A common pitfall is to allow the search to go beyond the end of the game. So be sure to use is_terminal_fn to determine the end.
A better evaluation function
This problem is going to be a bit different. There's no single right way to do it - it will take a bit of creativity and thought about the game.
Your goal is to write a new procedure for static evaluation that outperforms the basic_player one we gave you. It is evaluated by the test case run_test_game_1, which plays your_player against basic_player in a tournament of 4 games. Clearly, if you just play basic_player against itself, each player will win about as often as it loses. We want you to do better, and design a player that wins at least 2 times more than it loses in the four games.
We should hardly need to state that your solutions should win legitimately, not by somehow interfering with the other player. This isn't Spassky vs. Fischer.
An additional warning, regarding this particular subject matter: There is a fair bit of published research and online information about "Connect Four", and about search algorithms in general in Python. You're welcome to read any documents that you'd like, as long as you cite them by including a comment in the relevant part of your code. However, you may not re-use complete third-party implementations of search algorithms, and you may not write code that access online resources (other than the 6.034 test server) while it is executing. The tester can't easily test for these, so it doesn't. The TA's will be looking over your code, though, and they will not be amused if they find a student using someone else's work in their lab.
Relatedly, while it would be possible to pass the lab using human_player, we can't give you credit for doing so. The TA's will be amused if they find out that you did this, but they'll have to revoke credit for the relevant portions of the lab.
In an evaluation function, simpler can be better! It is much more useful to have time to search deeper in the tree than to perfectly express the value of a position.
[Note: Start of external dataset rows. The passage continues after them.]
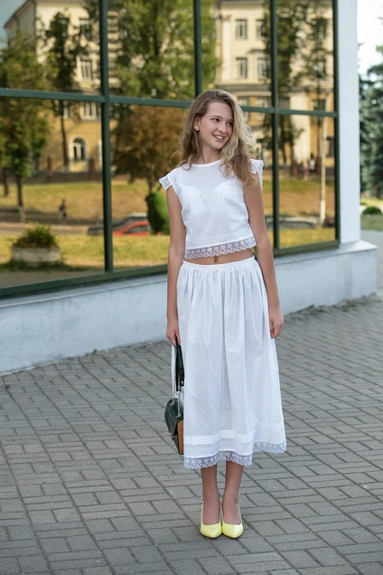 Юбка в сборочку,длина миди.По низу изделия кружево Молния по спинке
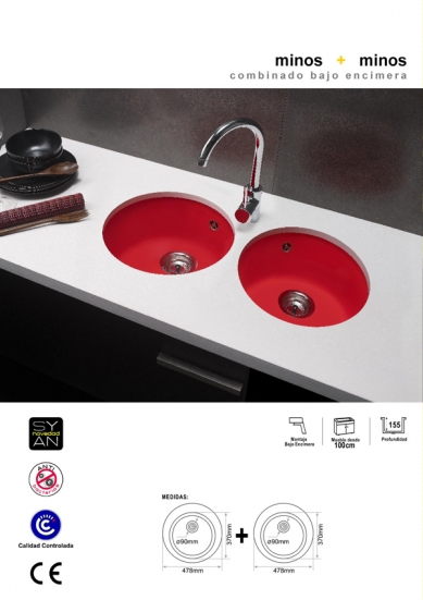 Los fregaderos SYAN están fabricados con resinas isoflálicas endurecidas con micro-esferas de vidrio y cuarzos y marmolinas, ofreciendo una especial resistencia al agua y al envejecimiento, abrasión y calor, y otorgandole propiedades Antibacterias
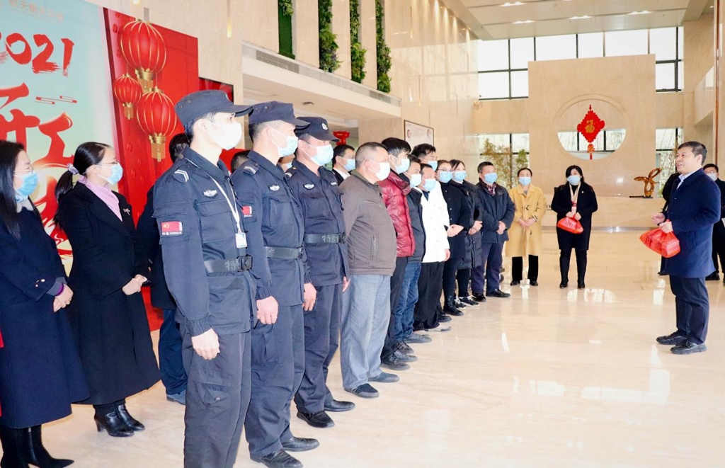 焦继革询问了在园区过年的员工和值班的同志生活情况及后勤保障工作,与在场的同志一一握手拜年,并送上节日祝福和慰问品,祝大家身体健康,万事如意,牛年大吉。

This is why in many games (not Connect Four) it takes some effort to beat the simple heuristic of "number of available moves"; you can't get much simpler than that and still have something to do with winning the game.
If you write a very complicated evaluation function, you won't have time to search as deep in the tree as basic_evaluate. Keep this in mind.
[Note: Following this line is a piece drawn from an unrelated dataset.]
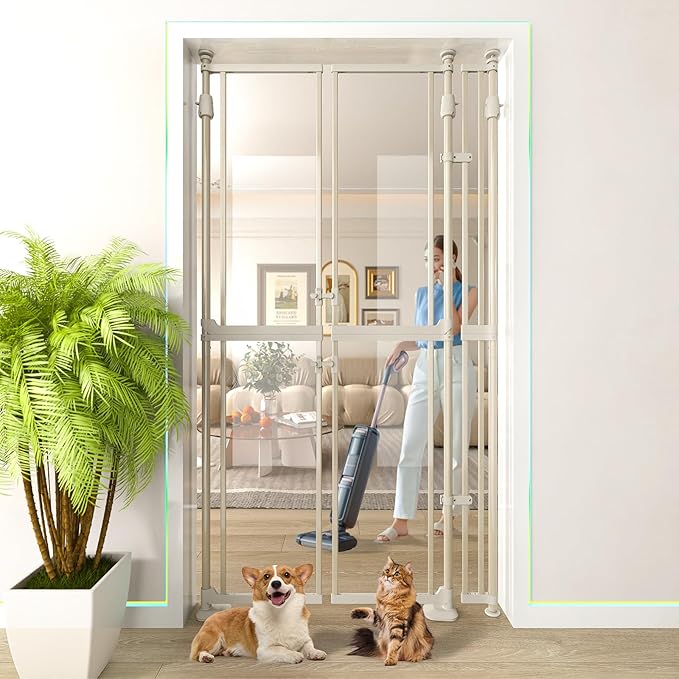 74" High Extra Tall Cat Gate,33.85-42" Wide Opening.Auto Closing and No Drilling Pressure Mount Design,Tall Dog Gates for Doorway, Stairs, House, Innovation Double Opening Pet Gate,Transparent,White
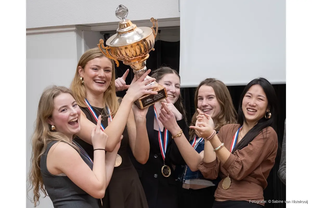 GORINCHEM – Het Johan de Witt-gymnasium uit Dordrecht is afgelopen zaterdag Nederlands Kampioen Debatteren havo/vwo 2025-2026 geworden. Het debatteam laat hiermee de in totaal 100 deelnemende teams achter zich. In het finaledebat over sociale media namen zij het op tegen het Utrechts Stedelijk Gymnasium, dat ervandoor gaat met de zilveren medaille. De finale vond plaats op het Gymnasium Camphusianum in Gorinchem.

After you've implemented better_evaluate, please change the line in your lab3.py From
better_evaluate = memoize(basic_evaluate)
better_evaluate = memoize(better_evaluate)
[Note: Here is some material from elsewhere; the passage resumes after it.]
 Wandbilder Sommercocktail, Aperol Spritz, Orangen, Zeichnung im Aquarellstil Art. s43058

The original setting was set to allow you play the game earlier on in the lab, but become unnecessary and incorrect once you've implemented your version of better_evaluate.
TIP: To save time, change the if True to if False on line 308 of tests.py. Disabling this test will skip the game test that usually takes a few minutes to finish. But be sure to remember to turn it back on when you have passed all your other offline tests!
# Set this if-guard to False temporarily disable this test. if True: make_test(type = 'MULTIFUNCTION', getargs = run_test_game_1_getargs, testanswer = run_test_game_1_testanswer, expected_val = "You must win at least 2 more games than you lose to pass this test", name = 'run_test_game' )
Please set "COMPETE" to True if you would like to participate in a tournament. If there is enough interest/capable AIs then we will face you off against your fellow classmates, and perhaps we will award the winner some undisclosed prize. The first round will cull entries which can't beat the basic_player enough times so please set "COMPETE" to False if you haven't managed to pass that test.
Please answer these questions at the bottom of your lab3.py file:
- How many hours did this problem set take?
- Which parts of this problem set, if any, did you find interesting?
- Which parts of this problem set, if any, did you find boring or tedious?
(We'd ask which parts you find confusing, but if you're confused you should really ask a TA.)
When you're done, run the tester as usual to submit your code.
Uncommenting the line that memoizes your evaluator will improve the efficiency of your player over a single game in which it sees the same board states many times. However, it doesn't take into account player_id so if you want to test an evaluation function using the test boards provided you should remove the memoization by commenting that line.